Process a CSV file from Amazon S3 using a Distributed Map - AWS Step Functions

Process a CSV file from Amazon S3 using a Distributed Map

This sample project demonstrates how you can use the Distributed Map state to iterate over 10,000 rows of a CSV file that is generated using a Lambda function. The CSV file contains shipping information of customer orders and is stored in an Amazon S3 bucket. The Distributed Map iterates over a batch of 10 rows in the CSV file for data analysis.

The Distributed Map contains a Lambda function to detect any delayed orders. The Distributed Map also contains an Inline Map to process the delayed orders in a batch and returns these delayed orders in an array. For each delayed order, the Inline Map sends a message to an Amazon SQS queue. Finally, this sample project stores the Map Run results to another Amazon S3 bucket in your AWS account.

With Distributed Map, you can run up to 10,000 parallel child workflow executions at a time. In this sample project, the maximum concurrency of Distributed Map is set at 1000 that limits it to 1000 parallel child workflow executions.

This sample project creates the state machine, the supporting AWS resources, and configures the related IAM permissions. Explore this sample project to learn about using the Distributed Map for orchestrating large-scale, parallel workloads, or use it as a starting point for your own projects.

AWS CloudFormation template and additional resources

You use a CloudFormation template to deploy this sample project. This template creates the following resources in your AWS account:

  • A Step Functions state machine.

  • Execution role for the state machine. This role grants the permissions that your state machine needs to access other AWS services and resources such as the Lambda function's Invoke action.

  • A Lambda function named CSVGeneratorFunction that generates a CSV file which contains the customer order details.

  • Execution role for the CSV generator Lambda function. This role grants the function permission to access other AWS services.

  • An Amazon S3 input bucket to store the generated CSV file.

  • A delayed order detection Lambda function that analyzes the CSV file data and detects any delayed orders.
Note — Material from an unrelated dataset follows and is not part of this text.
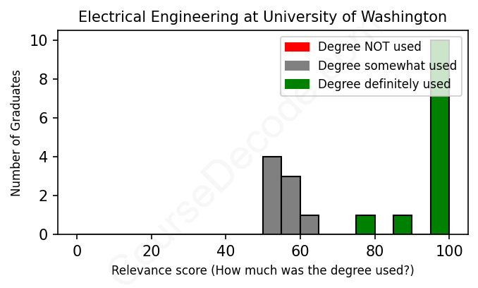 The verdict? Significantly above average. Overall, with an average relevance score of 79%, Electrical Engineering graduates from University of Washington have a much higher likelihood (+12%) of finding work in this field compared to the average graduate across all fields:

  • Execution role for the delayed order Lambda function. This role grants the function permission to access other AWS services.
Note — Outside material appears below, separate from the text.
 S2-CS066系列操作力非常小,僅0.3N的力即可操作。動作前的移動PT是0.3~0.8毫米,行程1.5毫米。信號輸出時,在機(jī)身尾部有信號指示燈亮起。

  • An Amazon S3 output bucket to store the analysis results of the customer orders.

  • An Amazon SQS queue to which Step Functions sends messages for every delayed order. These messages contain the IDs of the customers and their orders.
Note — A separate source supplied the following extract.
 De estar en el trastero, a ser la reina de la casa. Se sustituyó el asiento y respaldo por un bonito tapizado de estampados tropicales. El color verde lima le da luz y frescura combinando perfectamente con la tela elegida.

  • A CloudWatch log group that stores information related to the state machine’s execution history.

Important

Standard charges apply for each service.

Step 1: Create the state machine and provision resources

  1. Open the Step Functions console and choose Create state machine.

  2. Type Distributed Map to process a CSV file in S3 in the search box, and then choose Distributed Map to process a CSV file in S3 from the search results that are returned.

  3. Choose Next to continue.

  4. Step Functions lists the AWS services used in the sample project you selected. It also shows a workflow graph for the sample project. Deploy this project to your AWS account or use it as a starting point for building your own projects. Based on how you want to proceed, choose Run a demo or Build on it.

    For information about the resources that will be created for this sample project, see AWS CloudFormation template and additional resources.

    The following image shows the workflow graph for the Distributed Map to process a CSV file in S3 sample project:

    Workflow graph of the Distributed Map to process a CSV file in S3 sample project.
  5. Choose Use template to continue with your selection.

  6. Do one of the following:

    • If you selected Build on it, Step Functions creates the workflow prototype, but does not deploy the resources in the workflow definition, so you can continue building out your workflow prototype.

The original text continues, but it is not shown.